## TASK GOAL
Everything from the line containing "Veste style mouton" through the line containing "Effektivisera matlagning och" should be repeated exactly, and nothing else from the data.

## DATA UNDER STUDY
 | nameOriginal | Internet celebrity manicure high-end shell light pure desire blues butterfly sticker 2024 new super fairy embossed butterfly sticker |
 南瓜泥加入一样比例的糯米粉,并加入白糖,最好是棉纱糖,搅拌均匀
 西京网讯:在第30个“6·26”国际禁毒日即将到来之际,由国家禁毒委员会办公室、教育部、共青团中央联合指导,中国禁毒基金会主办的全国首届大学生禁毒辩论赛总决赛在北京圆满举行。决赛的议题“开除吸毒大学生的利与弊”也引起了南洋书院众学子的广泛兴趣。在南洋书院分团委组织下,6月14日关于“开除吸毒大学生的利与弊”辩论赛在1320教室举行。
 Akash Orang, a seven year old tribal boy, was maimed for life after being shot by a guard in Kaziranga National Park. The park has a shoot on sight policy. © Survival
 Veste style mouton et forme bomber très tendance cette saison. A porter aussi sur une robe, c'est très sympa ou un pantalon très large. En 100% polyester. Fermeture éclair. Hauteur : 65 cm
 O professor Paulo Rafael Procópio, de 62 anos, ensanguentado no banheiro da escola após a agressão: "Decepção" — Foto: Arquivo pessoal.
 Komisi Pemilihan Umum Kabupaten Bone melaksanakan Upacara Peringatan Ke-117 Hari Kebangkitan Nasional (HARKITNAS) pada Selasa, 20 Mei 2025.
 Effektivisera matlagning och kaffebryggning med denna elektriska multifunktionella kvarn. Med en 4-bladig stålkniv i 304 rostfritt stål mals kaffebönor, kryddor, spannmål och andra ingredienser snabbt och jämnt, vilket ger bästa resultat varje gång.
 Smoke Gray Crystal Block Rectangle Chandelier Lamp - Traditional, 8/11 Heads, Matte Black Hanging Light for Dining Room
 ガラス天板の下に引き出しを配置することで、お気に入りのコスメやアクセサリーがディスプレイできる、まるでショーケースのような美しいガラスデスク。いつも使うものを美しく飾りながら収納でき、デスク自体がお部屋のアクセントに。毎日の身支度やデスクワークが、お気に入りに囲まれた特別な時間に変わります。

## TASK SOLUTION
 Veste style mouton et forme bomber très tendance cette saison. A porter aussi sur une robe, c'est très sympa ou un pantalon très large. En 100% polyester. Fermeture éclair. Hauteur : 65 cm
 O professor Paulo Rafael Procópio, de 62 anos, ensanguentado no banheiro da escola após a agressão: "Decepção" — Foto: Arquivo pessoal.
 Komisi Pemilihan Umum Kabupaten Bone melaksanakan Upacara Peringatan Ke-117 Hari Kebangkitan Nasional (HARKITNAS) pada Selasa, 20 Mei 2025.
 Effektivisera matlagning och kaffebryggning med denna elektriska multifunktionella kvarn. Med en 4-bladig stålkniv i 304 rostfritt stål mals kaffebönor, kryddor, spannmål och andra ingredienser snabbt och jämnt, vilket ger bästa resultat varje gång.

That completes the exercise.